INFORMATION SHOWN:

◇ ◇ ◇ ◇ ◇ ◇ ◇

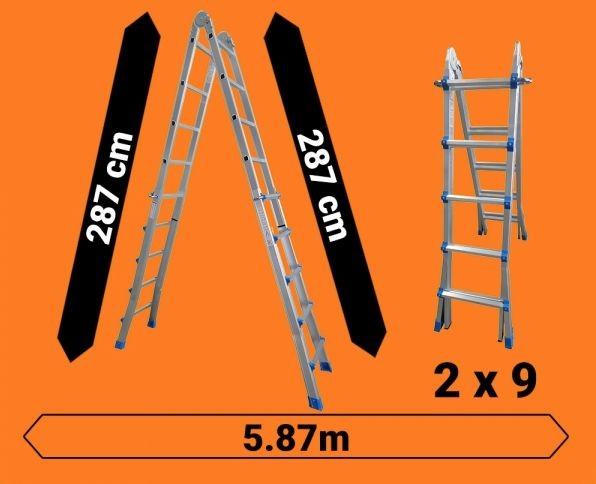 Kétágú létra Adatok: 2x9 létrafok Teljesen kinyitva: 587 cm Kétágú létraként: 287 cm Összetolva: 163 cm Teherbírás: 150 kg Szélessége: 48 cm Talpak anyaga: csúszásmentes gumi Súly: 13,3 kg Mérete összecsukva: 163X48x20 cm További információk:Többfunkciós kétágú létra Elősegíti a munkát a magas vagy nehezen hozzáférhető helyeken is. Tökéletes beltéri és kült
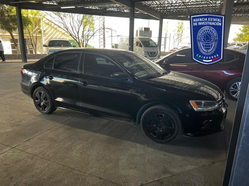 También fue asegurado un vehículo marca Volkswagen, línea Jetta, modelo 2016, color negro, con placas de circulación del estado de Chihuahua.
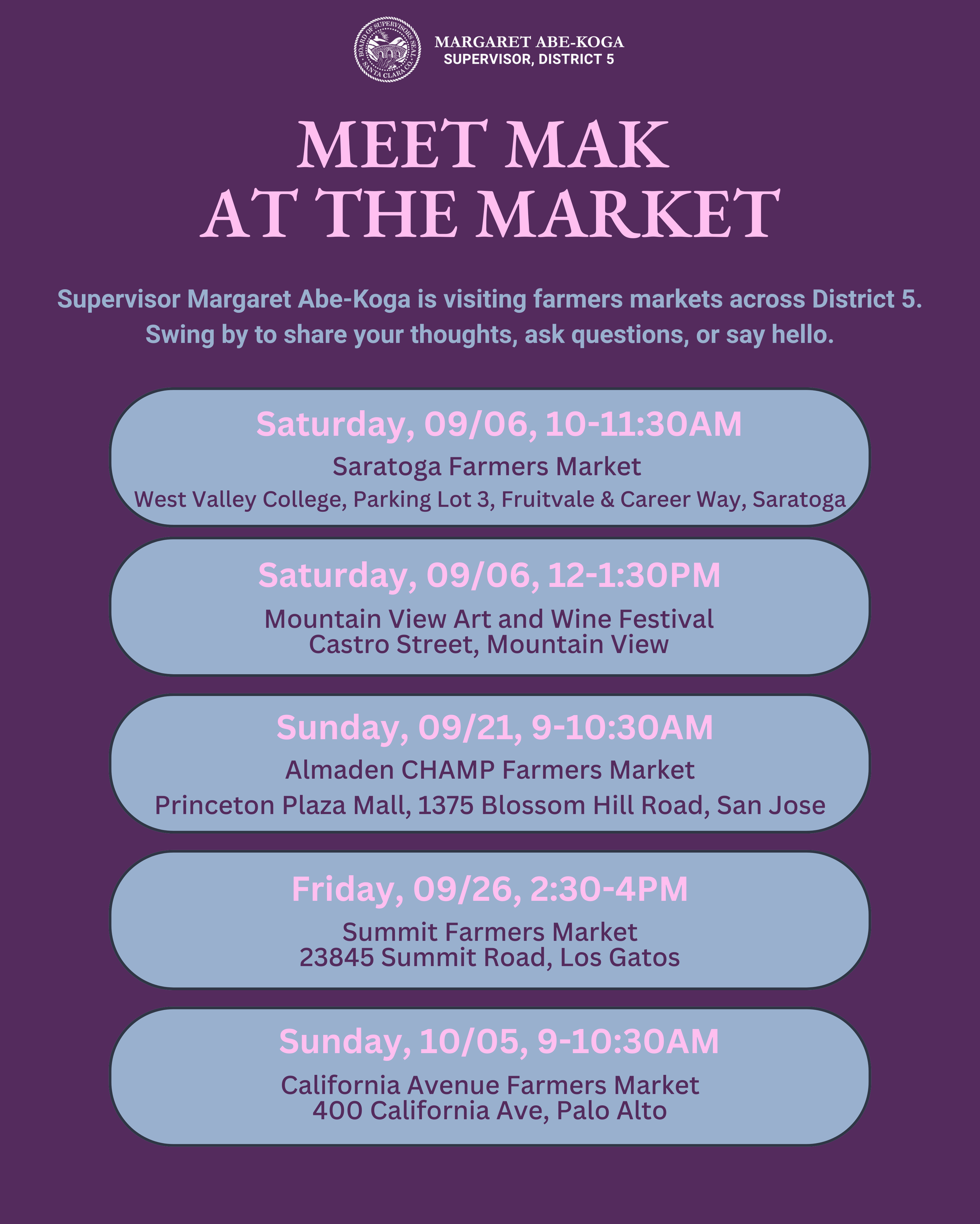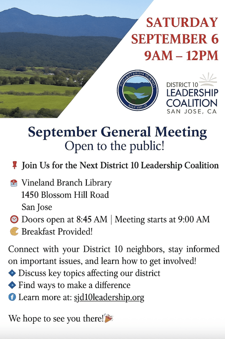 Almaden Valley residents are invited to the District 10 Leadership Coalition meeting, where I’ll share updates from recent Board of Supervisors meetings, highlight initiatives I’m leading in District Five, and answer your questions about how County government works and how we can address everyday challenges together.

◇ ◇ ◇ ◇ ◇ ◇ ◇

EXERCISE DIRECTIONS: Once the pictures are set aside, retype the rest of the listing exactly.

ANSWER BOX:
 Kétágú létra Adatok: 2x9 létrafok Teljesen kinyitva: 587 cm Kétágú létraként: 287 cm Összetolva: 163 cm Teherbírás: 150 kg Szélessége: 48 cm Talpak anyaga: csúszásmentes gumi Súly: 13,3 kg Mérete összecsukva: 163X48x20 cm További információk:Többfunkciós kétágú létra Elősegíti a munkát a magas vagy nehezen hozzáférhető helyeken is. Tökéletes beltéri és kült
 También fue asegurado un vehículo marca Volkswagen, línea Jetta, modelo 2016, color negro, con placas de circulación del estado de Chihuahua.
 Almaden Valley residents are invited to the District 10 Leadership Coalition meeting, where I’ll share updates from recent Board of Supervisors meetings, highlight initiatives I’m leading in District Five, and answer your questions about how County government works and how we can address everyday challenges together.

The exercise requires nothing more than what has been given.